Dataset records

━━━━━━━━━━

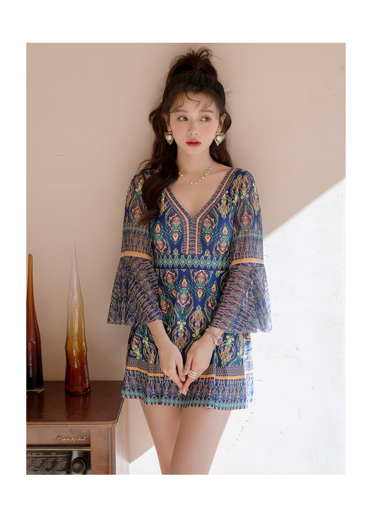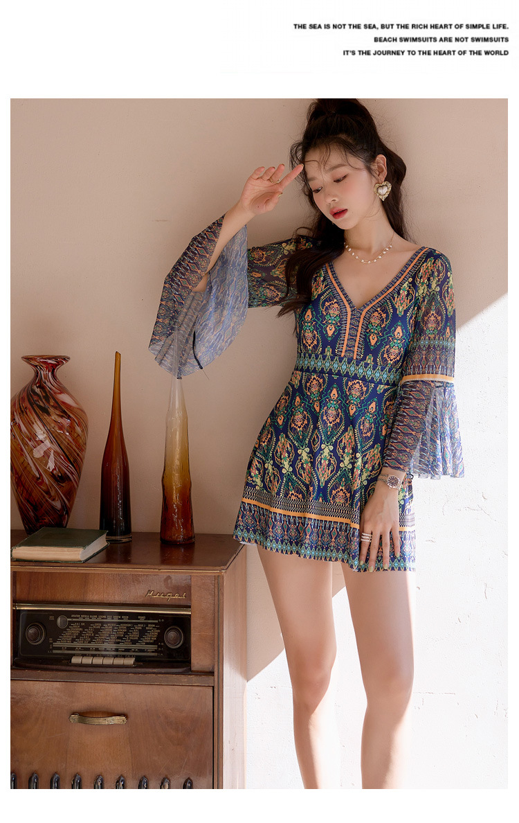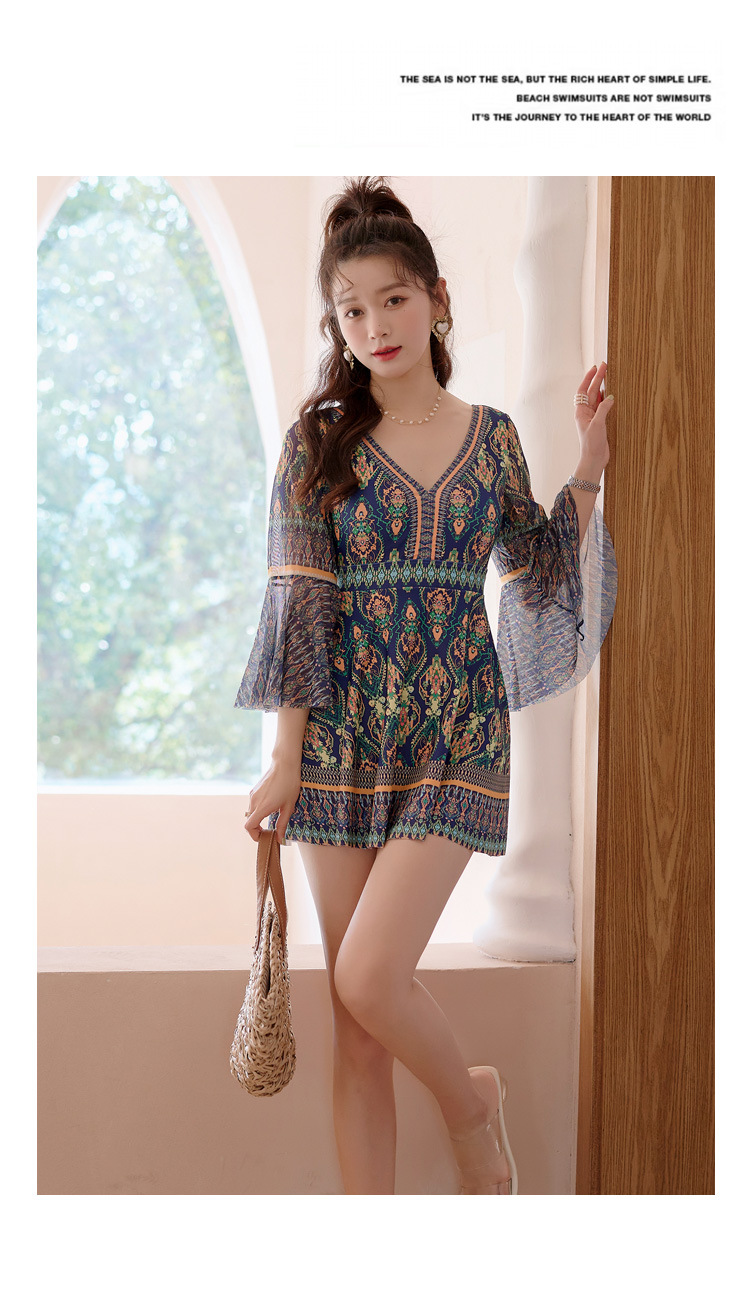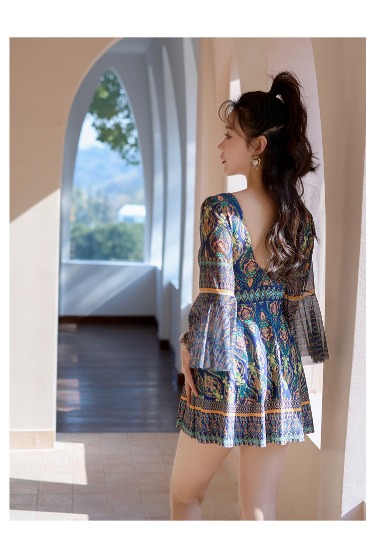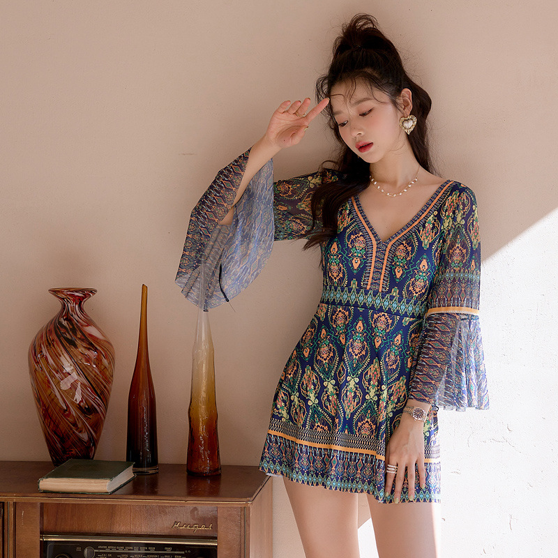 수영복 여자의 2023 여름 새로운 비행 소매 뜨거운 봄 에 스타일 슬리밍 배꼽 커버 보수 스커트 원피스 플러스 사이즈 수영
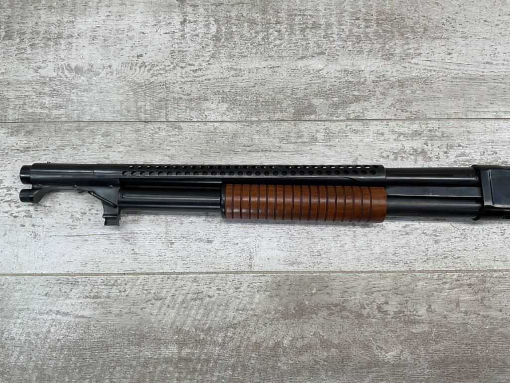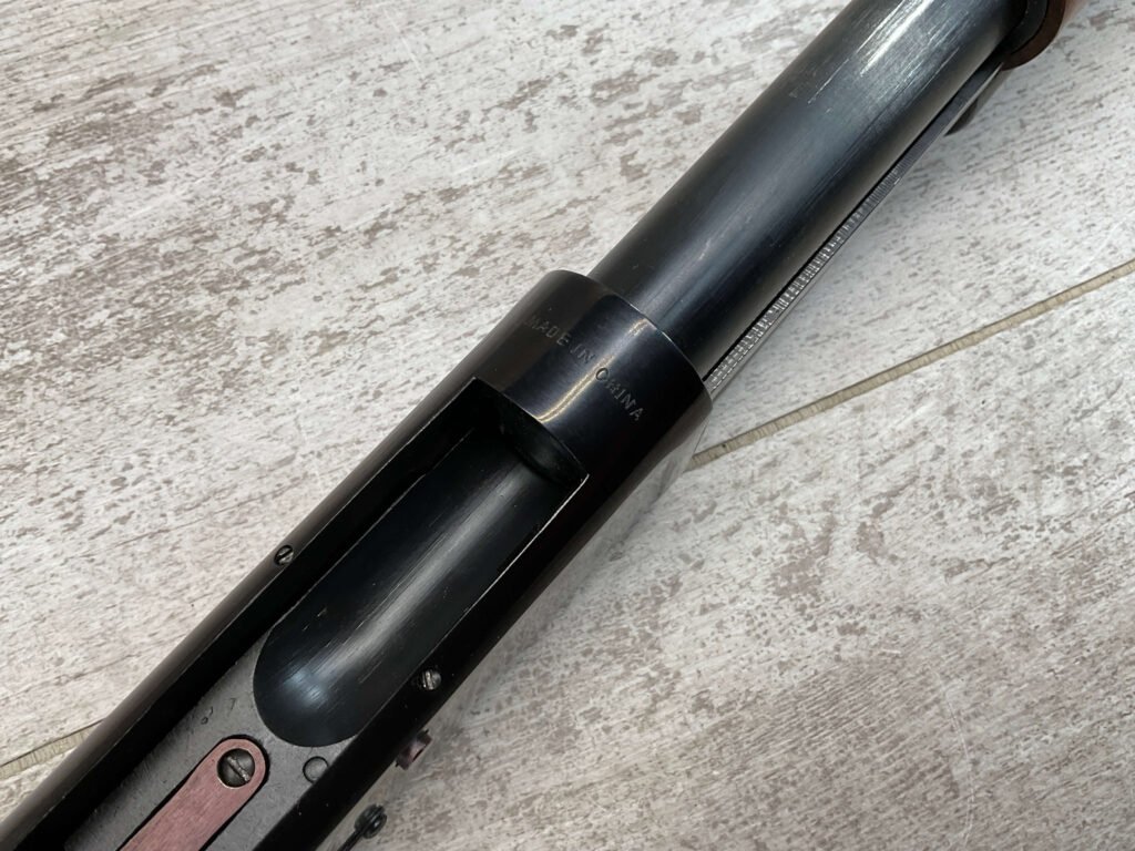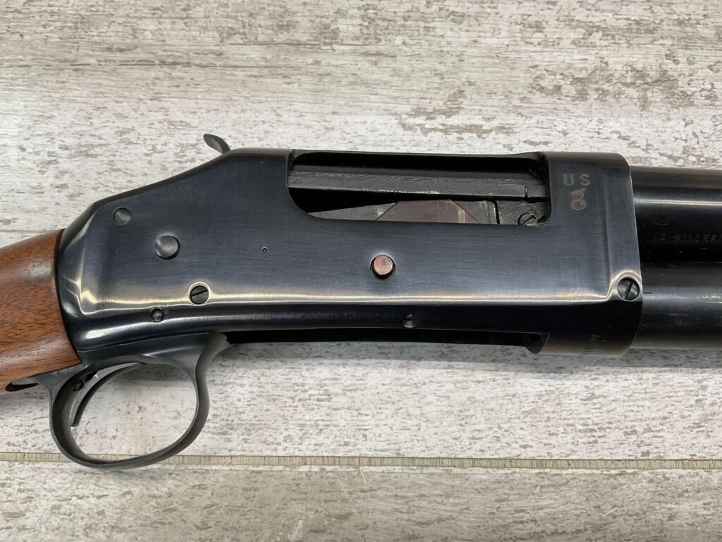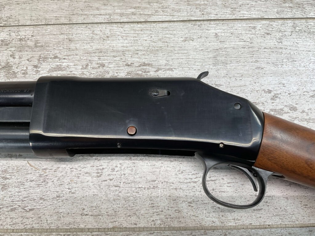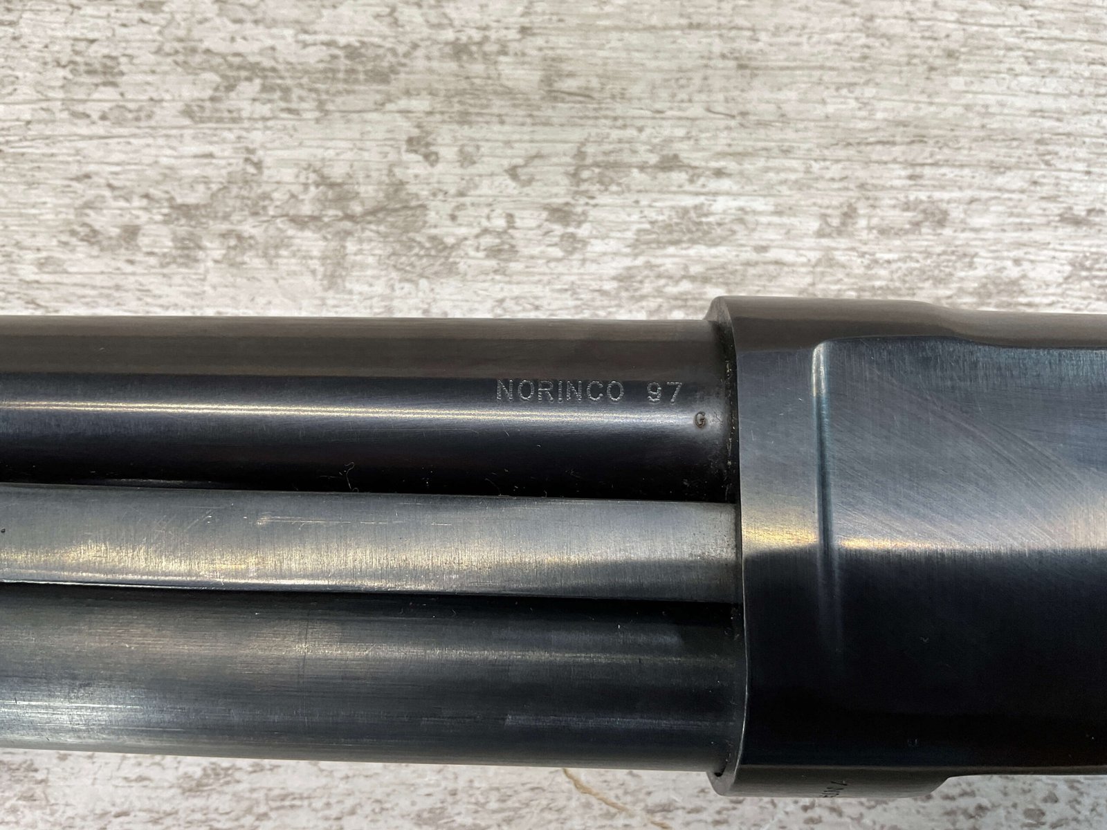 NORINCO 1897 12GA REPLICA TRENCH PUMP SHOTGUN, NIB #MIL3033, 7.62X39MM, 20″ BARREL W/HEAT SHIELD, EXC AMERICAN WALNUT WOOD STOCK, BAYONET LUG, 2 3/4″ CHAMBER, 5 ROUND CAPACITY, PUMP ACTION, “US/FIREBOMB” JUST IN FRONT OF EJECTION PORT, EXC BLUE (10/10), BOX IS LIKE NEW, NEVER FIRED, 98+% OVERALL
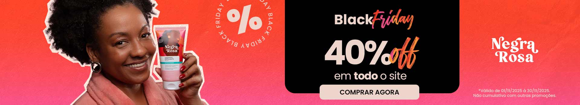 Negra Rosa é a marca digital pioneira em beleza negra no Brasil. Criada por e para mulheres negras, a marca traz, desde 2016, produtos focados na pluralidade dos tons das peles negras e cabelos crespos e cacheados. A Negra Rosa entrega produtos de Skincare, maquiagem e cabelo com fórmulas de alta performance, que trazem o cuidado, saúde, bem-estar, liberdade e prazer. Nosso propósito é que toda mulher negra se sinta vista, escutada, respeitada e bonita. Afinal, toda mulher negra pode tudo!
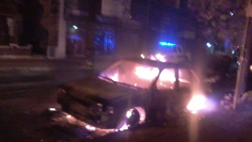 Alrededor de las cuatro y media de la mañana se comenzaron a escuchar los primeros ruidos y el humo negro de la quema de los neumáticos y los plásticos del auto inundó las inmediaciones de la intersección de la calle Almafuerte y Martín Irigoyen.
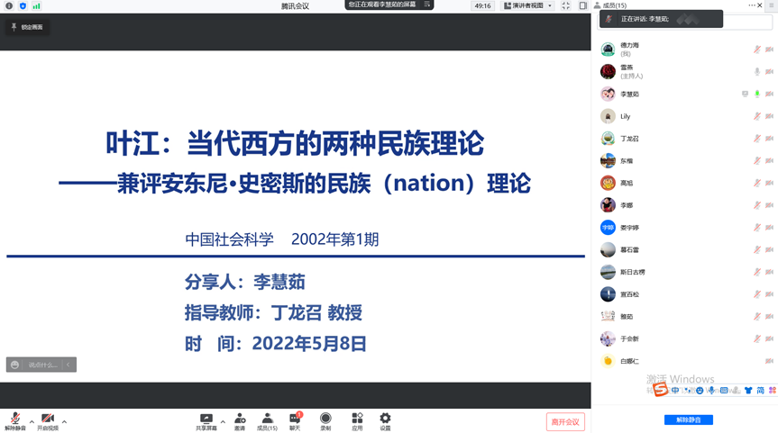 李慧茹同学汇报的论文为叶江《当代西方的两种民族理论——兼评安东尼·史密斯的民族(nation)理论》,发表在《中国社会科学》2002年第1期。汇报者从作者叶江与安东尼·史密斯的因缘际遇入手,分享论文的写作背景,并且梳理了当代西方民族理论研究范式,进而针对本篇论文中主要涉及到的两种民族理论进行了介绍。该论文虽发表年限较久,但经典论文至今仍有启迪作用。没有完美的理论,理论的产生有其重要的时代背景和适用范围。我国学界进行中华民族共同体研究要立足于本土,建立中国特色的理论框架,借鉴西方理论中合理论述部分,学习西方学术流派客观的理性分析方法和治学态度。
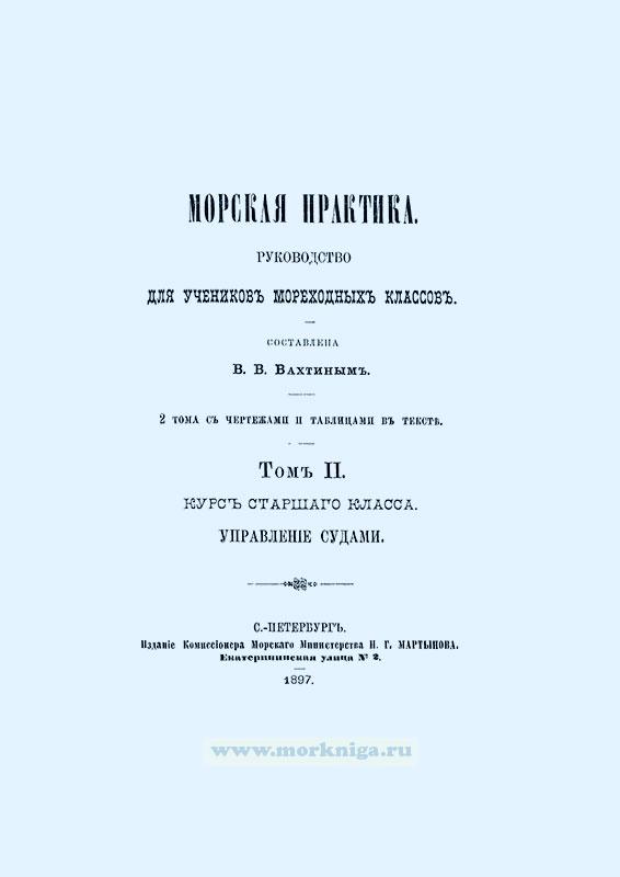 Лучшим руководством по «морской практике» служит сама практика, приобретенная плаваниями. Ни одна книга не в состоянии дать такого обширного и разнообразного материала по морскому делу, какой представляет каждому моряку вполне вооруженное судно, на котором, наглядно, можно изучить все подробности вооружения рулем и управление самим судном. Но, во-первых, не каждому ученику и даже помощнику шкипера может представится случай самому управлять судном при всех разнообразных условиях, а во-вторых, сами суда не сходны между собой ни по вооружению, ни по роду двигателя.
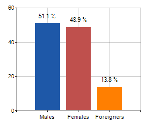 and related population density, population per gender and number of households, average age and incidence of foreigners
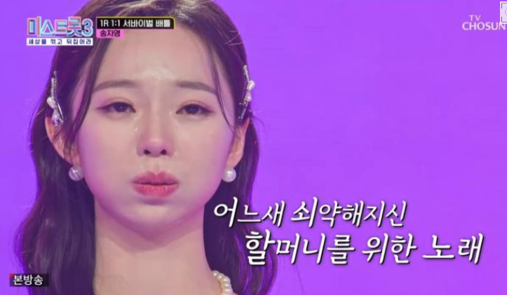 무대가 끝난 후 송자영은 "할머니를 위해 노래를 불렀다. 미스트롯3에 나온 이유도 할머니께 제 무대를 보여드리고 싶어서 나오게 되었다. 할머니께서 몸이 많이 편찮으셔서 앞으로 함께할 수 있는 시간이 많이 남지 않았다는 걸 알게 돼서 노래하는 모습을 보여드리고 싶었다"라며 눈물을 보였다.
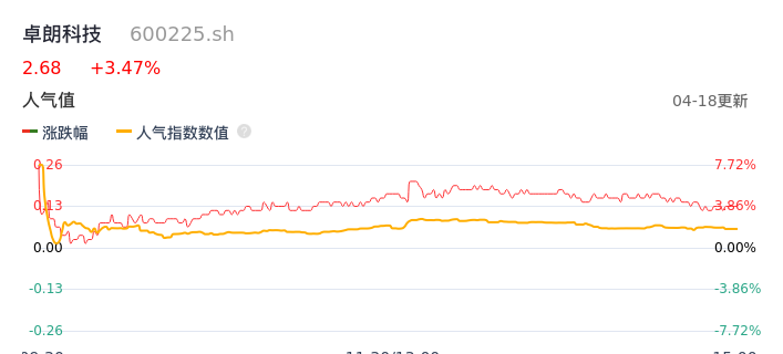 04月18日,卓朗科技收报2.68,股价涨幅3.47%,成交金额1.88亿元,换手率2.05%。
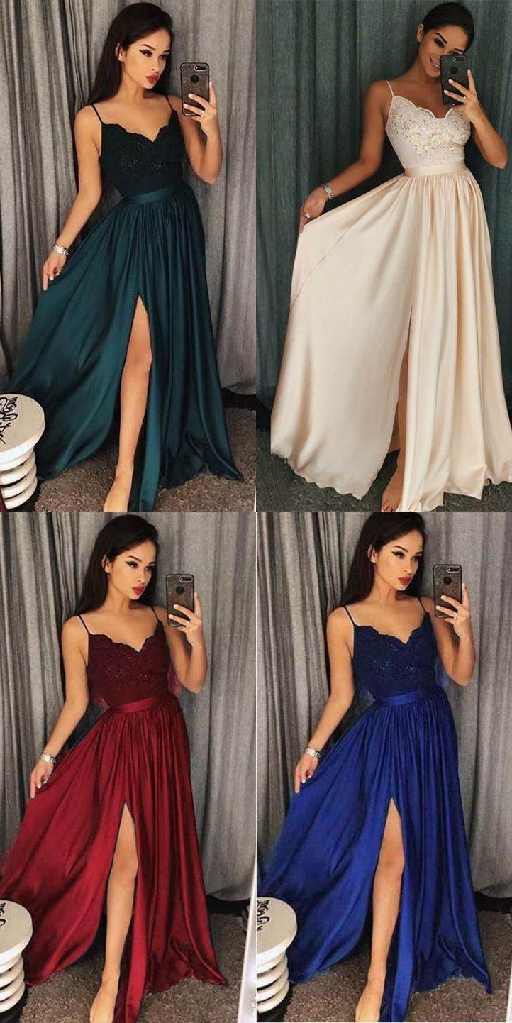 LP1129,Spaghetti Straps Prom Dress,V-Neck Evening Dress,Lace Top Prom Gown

━━━━━━━━━━

PROBLEM TO WORK ON:
Transcribe exactly each line of the records from the start up to and including the one with "李慧茹同学汇报的论文为叶江《", and leave out every picture.

RESPONSE TO THE EXERCISE:
 수영복 여자의 2023 여름 새로운 비행 소매 뜨거운 봄 에 스타일 슬리밍 배꼽 커버 보수 스커트 원피스 플러스 사이즈 수영
 NORINCO 1897 12GA REPLICA TRENCH PUMP SHOTGUN, NIB #MIL3033, 7.62X39MM, 20″ BARREL W/HEAT SHIELD, EXC AMERICAN WALNUT WOOD STOCK, BAYONET LUG, 2 3/4″ CHAMBER, 5 ROUND CAPACITY, PUMP ACTION, “US/FIREBOMB” JUST IN FRONT OF EJECTION PORT, EXC BLUE (10/10), BOX IS LIKE NEW, NEVER FIRED, 98+% OVERALL
 Negra Rosa é a marca digital pioneira em beleza negra no Brasil. Criada por e para mulheres negras, a marca traz, desde 2016, produtos focados na pluralidade dos tons das peles negras e cabelos crespos e cacheados. A Negra Rosa entrega produtos de Skincare, maquiagem e cabelo com fórmulas de alta performance, que trazem o cuidado, saúde, bem-estar, liberdade e prazer. Nosso propósito é que toda mulher negra se sinta vista, escutada, respeitada e bonita. Afinal, toda mulher negra pode tudo!
 Alrededor de las cuatro y media de la mañana se comenzaron a escuchar los primeros ruidos y el humo negro de la quema de los neumáticos y los plásticos del auto inundó las inmediaciones de la intersección de la calle Almafuerte y Martín Irigoyen.
 李慧茹同学汇报的论文为叶江《当代西方的两种民族理论——兼评安东尼·史密斯的民族(nation)理论》,发表在《中国社会科学》2002年第1期。汇报者从作者叶江与安东尼·史密斯的因缘际遇入手,分享论文的写作背景,并且梳理了当代西方民族理论研究范式,进而针对本篇论文中主要涉及到的两种民族理论进行了介绍。该论文虽发表年限较久,但经典论文至今仍有启迪作用。没有完美的理论,理论的产生有其重要的时代背景和适用范围。我国学界进行中华民族共同体研究要立足于本土,建立中国特色的理论框架,借鉴西方理论中合理论述部分,学习西方学术流派客观的理性分析方法和治学态度。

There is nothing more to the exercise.